[
Lists Home |
Date Index |
Thread Index
]
- From: Daniel Barclay <Daniel.Barclay@digitalfocus.com>
- To: xml-dev@lists.xml.org
- Date: Fri, 01 Dec 2000 17:19:03 -0500
I've been wondering something about the design of XML.
Why are unencoded greater-than (">") characters allowed in attribute
values?
I would have thought that greater-than characters inside a tag
(that is, excluding the one terminating the tag) would have been
disallowed, to make it easy for a scanner to identify the ends
of tags without having to parse attributes and their quotation
characters.
XML does require that less-than characters in attribute values be
encoded.
It seems that the purpose of this requirement was to make it easy to
identify the beginnings of tags by simply finding less-than characters,
without having to keep track of whether they appear in attribute-value
quotes and therefore don't actually signal tags. (Yes, I'm ignoring
comments and CDATA sections.)
Is that reasoning correct?
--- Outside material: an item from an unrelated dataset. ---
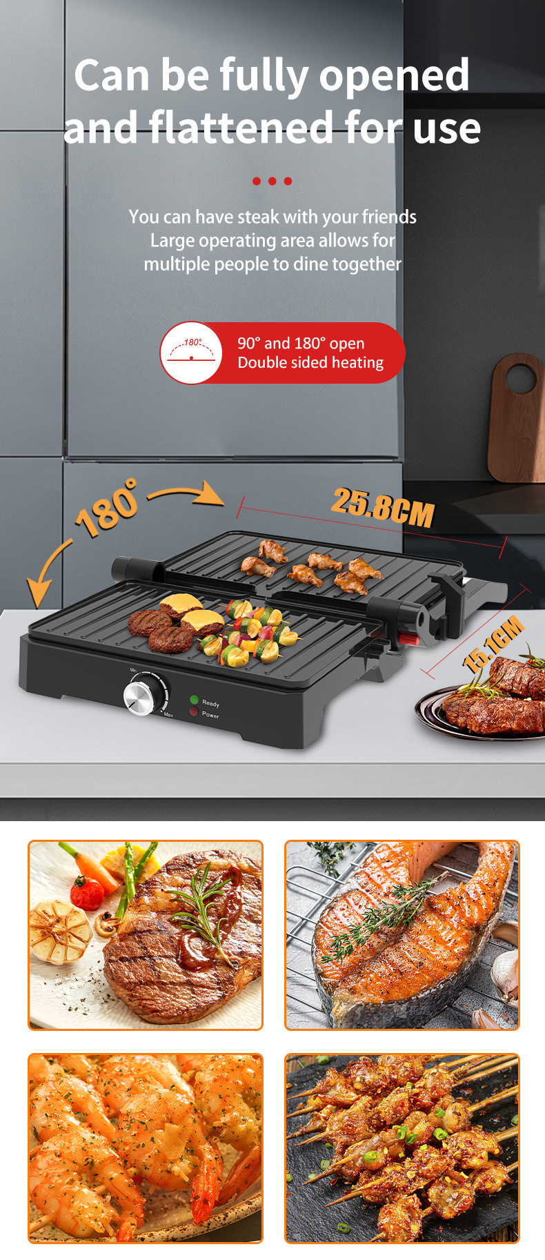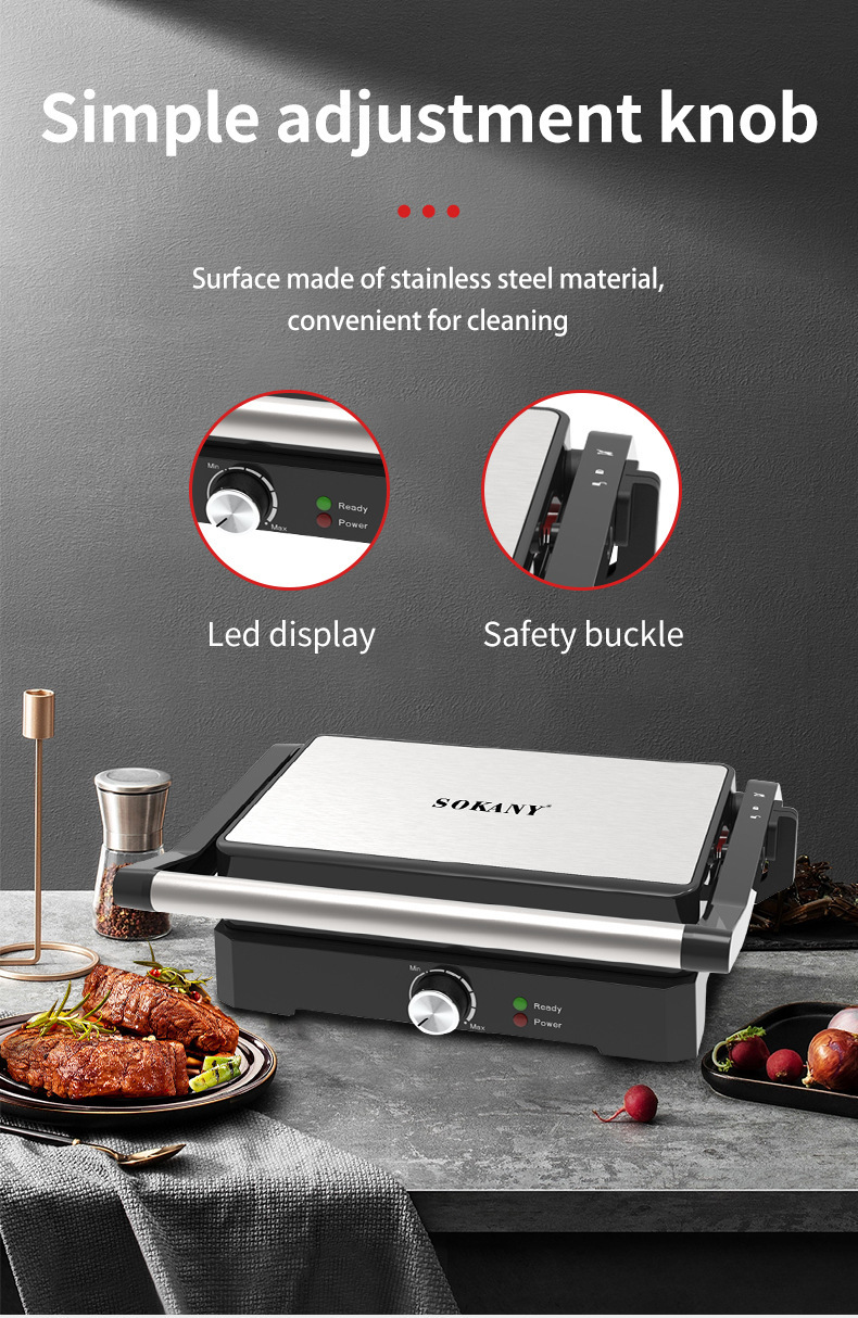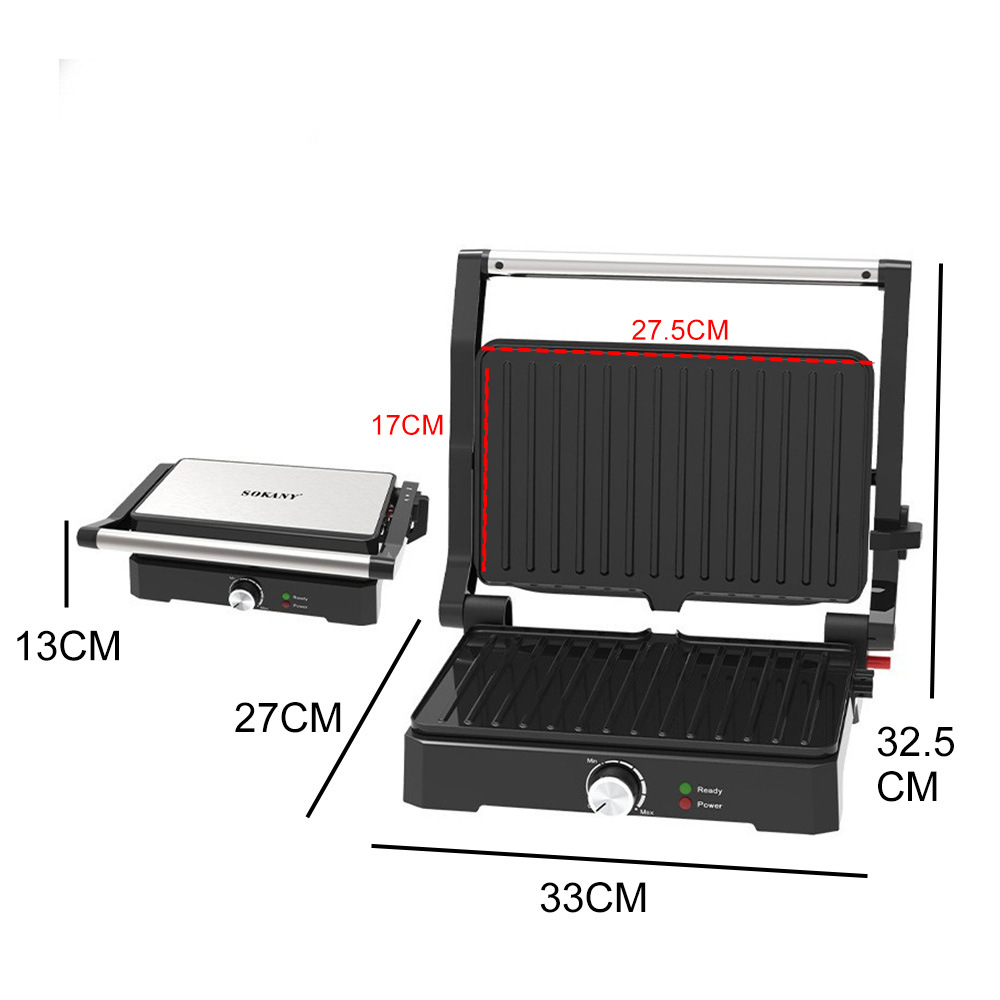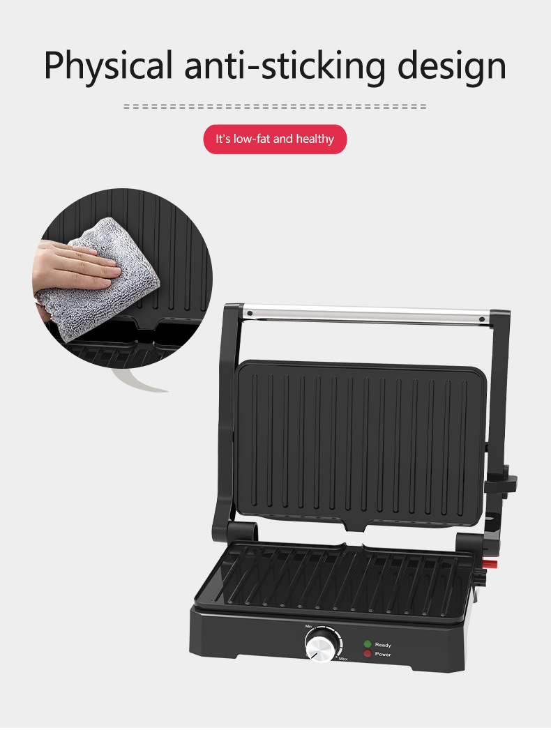 跨境出口热销帕尼尼机三明治机 家用180度摊平牛排机烤肉机汉堡面

If so, why wouldn't greater-than characters
be treated similarly, to similarly simplify finding the ends of tags?
(Yes, I know a full parser has to parse everything, but some applications
(e.g., syntax highlighting) might just want to identify the beginnings
and ends of tags.)
Curiously,
Daniel
--
Daniel Barclay
Digital Focus
Daniel.Barclay@digitalfocus.com
|